Le réarmement européen n’est pas seulement dirigé contre la Russie. Même si les pouvoirs européens de l’OTAN collaborent encore étroitement avec les États-Unis, ce sont des rivaux économiques et géopolitiques. Les deux parties ont imposé pendant la présidence de Trump des mesures de guerre commerciale l’une contre l’autre, qui n’ont jamais été complètement levées avec Biden. Et de vives tensions couvent également entre les pouvoirs européens eux-mêmes.

Des politiciens allemands de premier plan – l’ex-ministre des Affaires étrangères et actuel président allemand Frank-Walter Steinmeyer et l’ex-ministre de la Défense Ursula von der Leyen en tête – ont déjà exigé il y a dix ans que l’Allemagne abandonne sa « retenue militaire », devienne la première puissance d’Europe et joue à nouveau dans le monde entier un rôle politique et militaire correspondant à son poids économique. La même année, ils ont soutenu le coup d’État droitier de Kiev, qui a ouvert la voie à la guerre menée par les États-Unis et l’OTAN contre la Russie en Ukraine. Les États-Unis, l’UE et ses États membres ont financé et contrôlé militairement la guerre avec des centaines de milliards de dollars.

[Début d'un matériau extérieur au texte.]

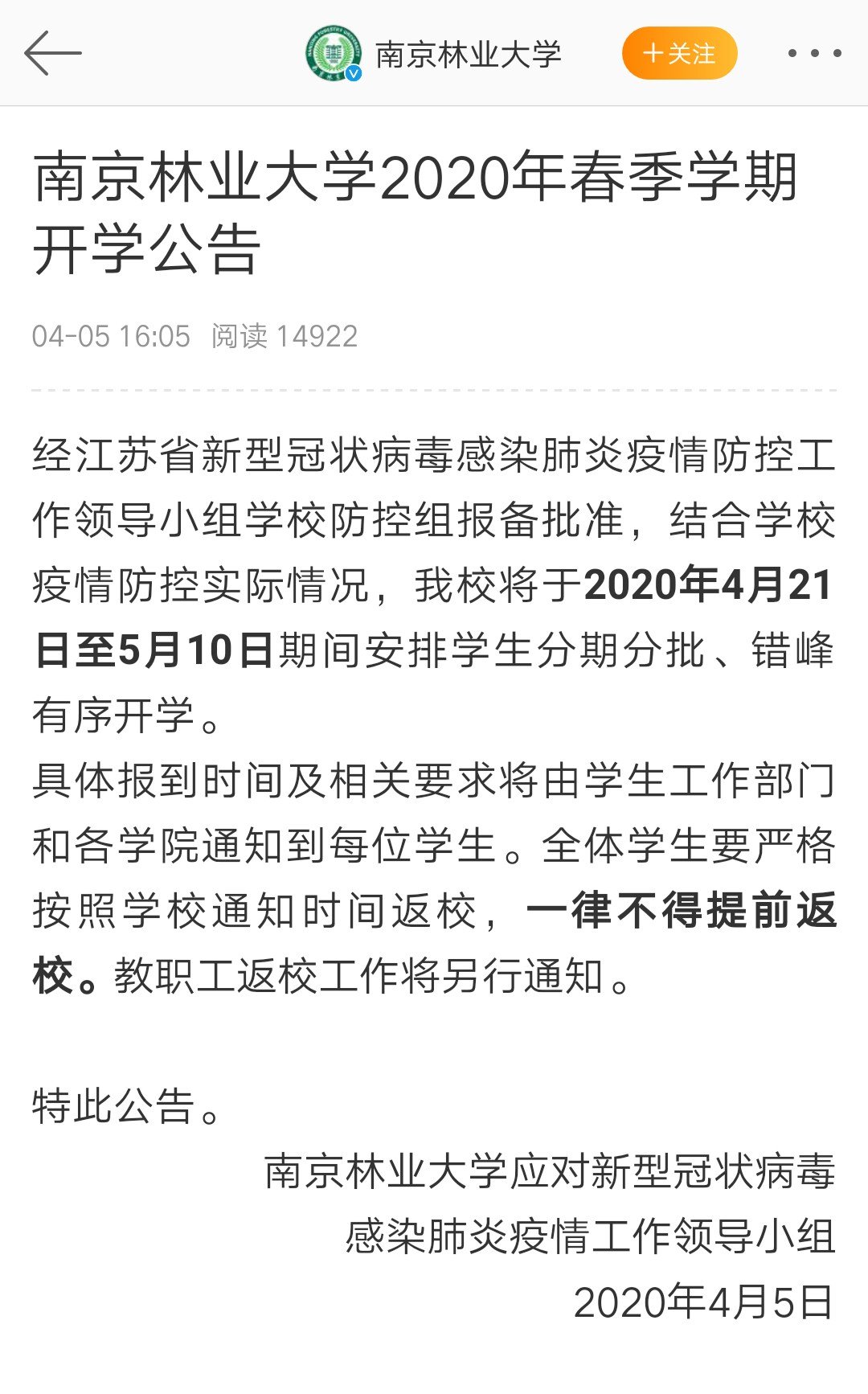 高校以4月13日为开学起始时间做好开学准备工作,具体开学时间经批准后由学校发布。
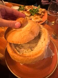 Hvre: se encuentra en el barrio judío, es una antigua sinagoga reconvertida en bar-restaurante de estilo retro, con comida, bebida y cócteles. Probamos sus cervezas y sus batatas fritas, deliciosas! El entorno es espectacular.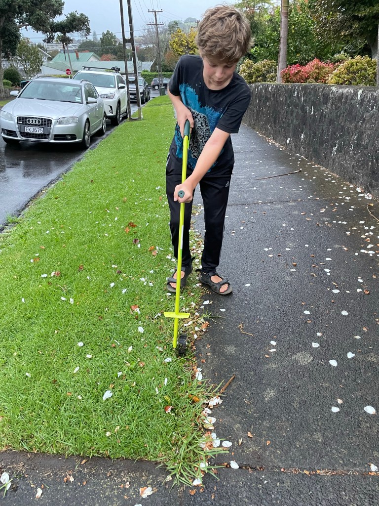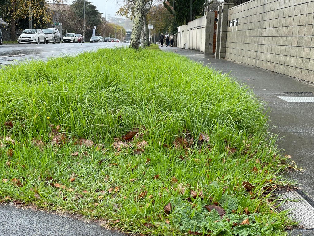 Vi gör vad vi kan för att tukta vår och försöker signalera att här bor minsann rekorderliga svenskar. Men fy vilket sjå, gräset växer ju som tusan och det regnar ständigt ner långa blad från våra cabbage trees och kamelior på trottoaren.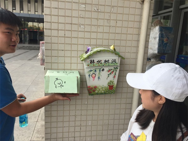 5月14日下午,心健部部長蔣旭與代理部長陳玉將“解憂樹洞”放置在明德樓b區門口,宣布活動的正式開始。據蔣旭部長所說,從有了關于活動的具體想法開始,他們就開始積極的準備著,無論是前期宣傳時絞盡腦汁迸發出的靈光一閃,還是制作“解憂樹洞”時灑下的汗水,都意味著每一位工作人員的不辭辛苦。還有在活動即將開展時,他們發現樹洞還有些許瑕疵,就是寄信的同學沒有取信的地方。所以他們又緊急趕制了“回音樹洞”來存放回信。“盡管過程會有些辛苦,但一想到能夠用自己的一些建議,去幫助到同學們,就覺得這些不算什么了。”陳玉同學如此說道。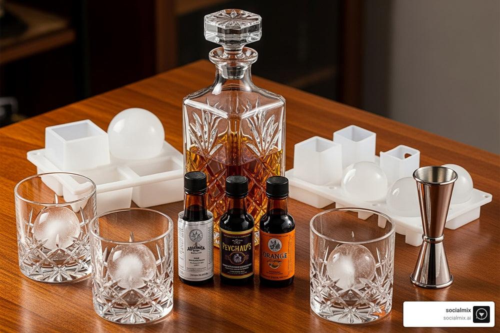For someone new to Old Fashioneds, focus on the essential ingredients. A quality, budget-friendly bottle of rye or bourbon is the perfect starting point. We recommend Rittenhouse Straight Rye for its bold, spicy kick, or Four Roses Bourbon for a smoother, sweeter profile.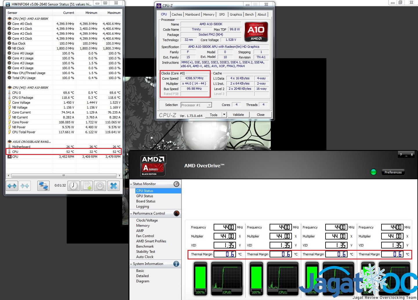 Anda bisa lihat di bagian ‘Sebelum Throttling’, di AMD OverDrive menunjukkan 0.6 C sebelum menyentuh suhu maksimal, sedangkan di bagian sensor motherboard, suhu CPU ada di 52 C. Prosesor masih berjalan di kecepatan penuh, sekitar 4.4Ghz(karena diOC).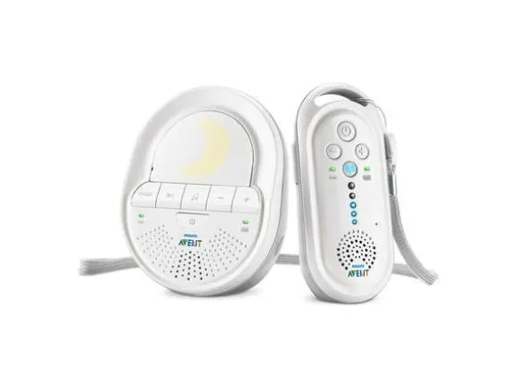 Äänenvoimakkuuden merkkivalot ilmoittavat, kun lapsi ääntelee. Jos laite on kantoalueen ulkopuolella tai virta on vähissä, alkaa vanhemman yksikkö hälyttämään. Voit myös puhua lapsellesi muista kodin huoneista vain napin painalluksella. Itkuhälyttimen käyttöalue on sisällä n. 50 metriä ja ulkona jopa 330 metriä. Tuotteessa on myös yövalo ja kehtolauluja.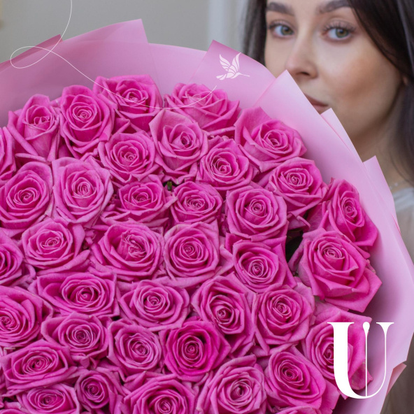 Исключительный монобукет из 51 розы сорта Аква
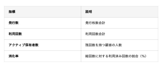 回数券ごとの発行数・利用回数・アクティブ保有者数・残回数・消化率をプログレスバー付きで一覧表示。
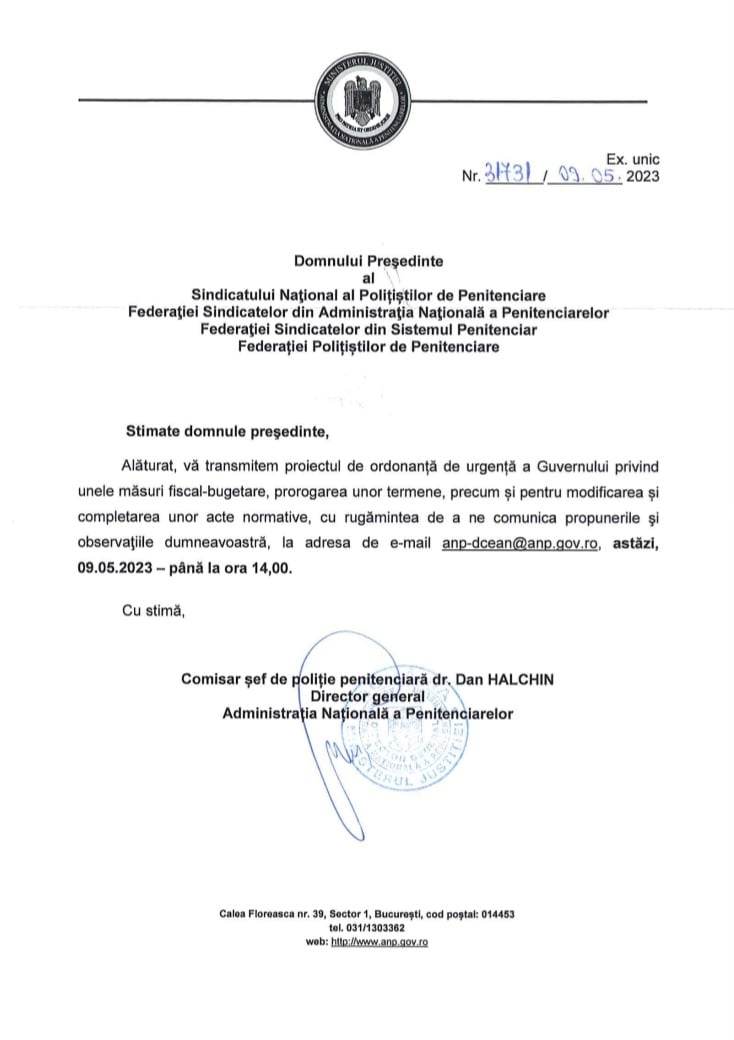 Administrația Națională a Penitenciarelor a solicitat ieri, ca o consultare fulger de doar câteva ore, puncte de vedere de la organizațiile sindicale cu privire la proiectul de ordonanță de urgență a Guvernului cu privire la unele măsuri financiar fiscale pentru anul 2023.

L’appel à l’autonomie militaire et nucléaire montre que les pouvoirs européens, tout comme les États-Unis, ne reculeront devant rien pour atteindre leurs objectifs impérialistes, pas même devant une guerre nucléaire qui dévasterait l’Europe et menacerait la survie de l’humanité. Ce qui les pousse – comme dans la Première et la Seconde Guerre mondiale – c’est la crise insoluble du système capitaliste, qu’ils tentent de résoudre en redivisant le monde par la force et en déclarant la guerre à leur propre classe ouvrière.

Il n’y a qu’un seul moyen d’arrêter la guerre, qui est soutenue par tous les partis bourgeois y compris la « gauche » de nom et les syndicats : la mobilisation indépendante et l’unification de la classe ouvrière européenne, américaine et internationale dans la lutte contre les coupes sociales, la dictature et la guerre. Cette lutte doit être basée sur un programme socialiste visant à renverser le capitalisme. C’est le programme défendu par le Comité international de la Quatrième Internationale et ses sections.